- 36°02′37″N 138°13′38″E﻿ / ﻿36.04361°N 138.22722°E
- Type: settlement
- Periods: Jōmon period
- Location: Chino, Nagano, Japan
- Region: Chūbu region

Site notes
- Elevation: 975 m (3,199 ft)
- Area: 23,629 m^{2} (254,340 sq ft)
- Public access: Yes (no public facilities)

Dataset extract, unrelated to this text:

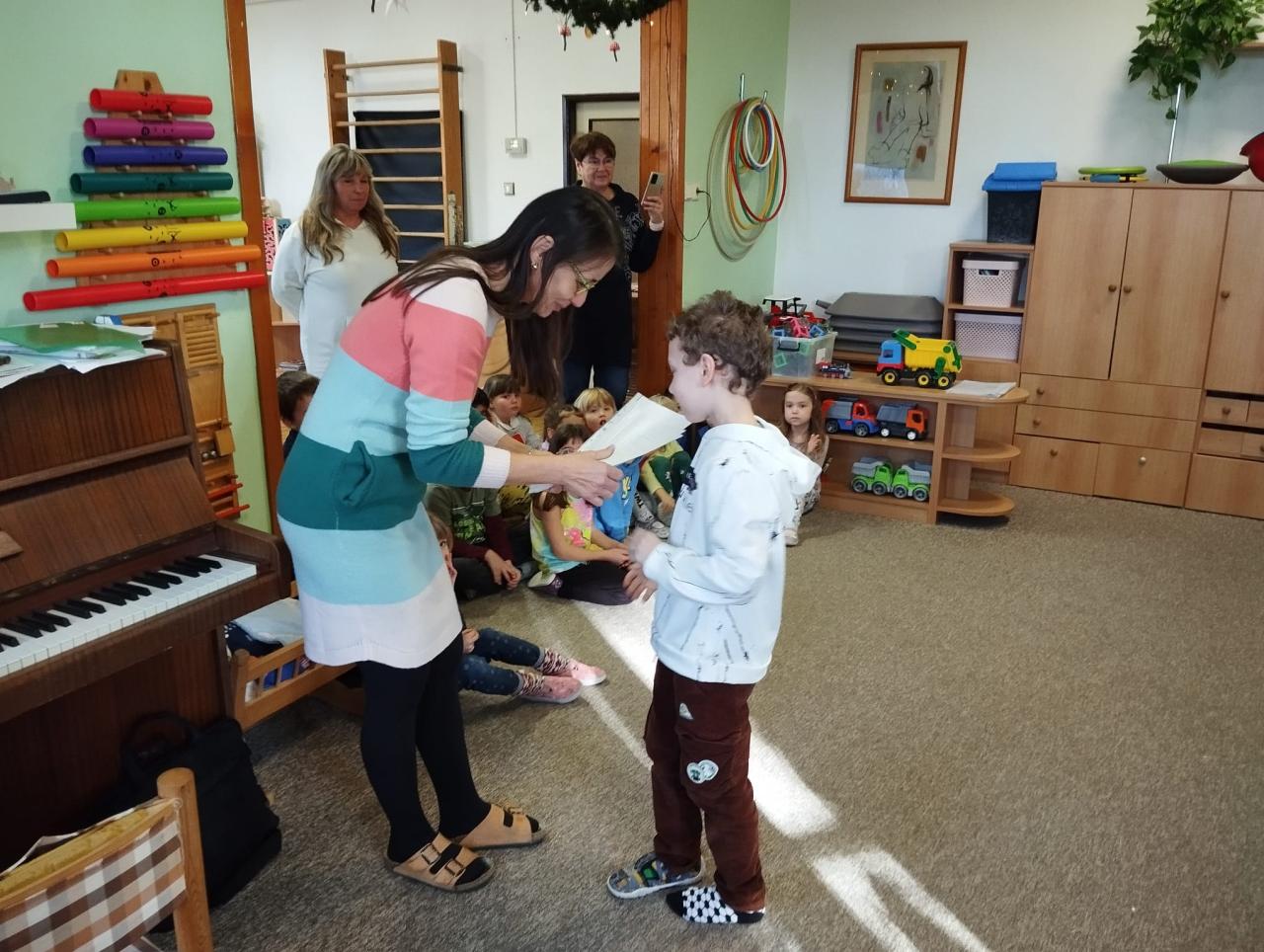 Slavnostní předávání vysvědčení proběhlo mezi dětmi mateřské školy. A odměnou bylo nejen sdílení radosti, ale i spousta her a zábavných aktivit!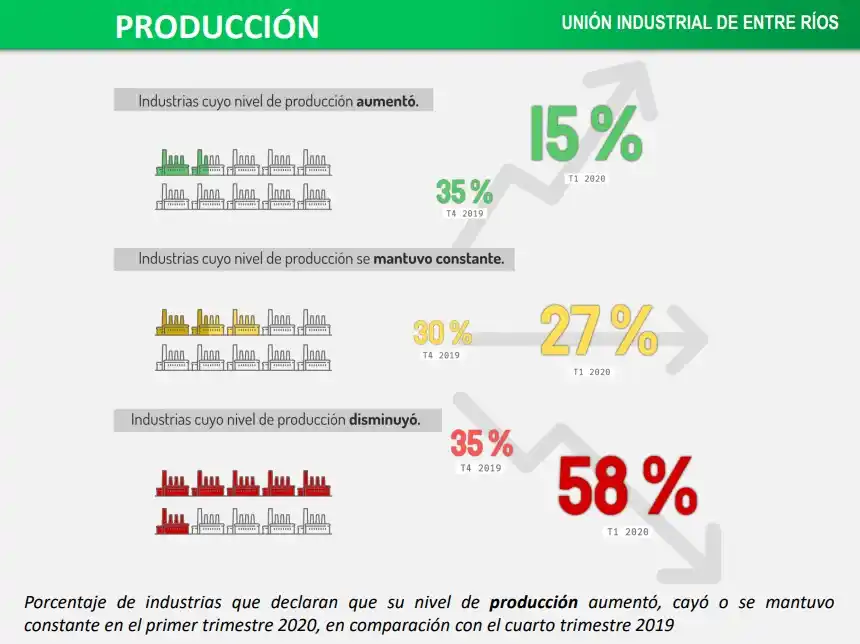 Según el Informe de Coyuntura elaborado por la Unión Industrial de Entre Ríos (UIER), la medida oficial de aislamiento social agravó la situación de la mayoría de las empresas productivas. Más de la mitad de las industrias de la provincia ya registraban caídas en los niveles de producción y de ventas durante el primer trimestre del año.

= Uenodan stone age ruins =

Archaeological site in Japan

The Uenodan stone age ruins (上之段石器時代遺跡, Uenodan sekki jidai iseki) is an archaeological site containing the ruins of a Jōmon period settlement located in the Kitayama-Yukawa neighborhood of the city of Chino, Nagano in the Chūbu region of Japan. The site was designated a National Historic Site of Japan in 1942.

==Overview==
The Uenodan site is located at the foot of Mount Yatsugatake at an elevation of 975 meters, and covers 23,629 square meters. It is located at the entrance to the Wada Pass as the Hoshikuso Pass obsidian mine site, which was one of the leading sources of obsidian during the Jōmon period. The site was first excavated in 1936 and was artifacts dating from the early, middle, late and final Jōmon period, Yayoi period and early Heian period were found, indicating continuous occupation over a period of several thousand years. The foundations of a pit dwelling with cobblestone floor and a stone-lined hearth, along with numerous pottery shards of all periods were discovered.

The site is approximately 20 minutes by car from Chino Station on the JR East Chūō Main Line.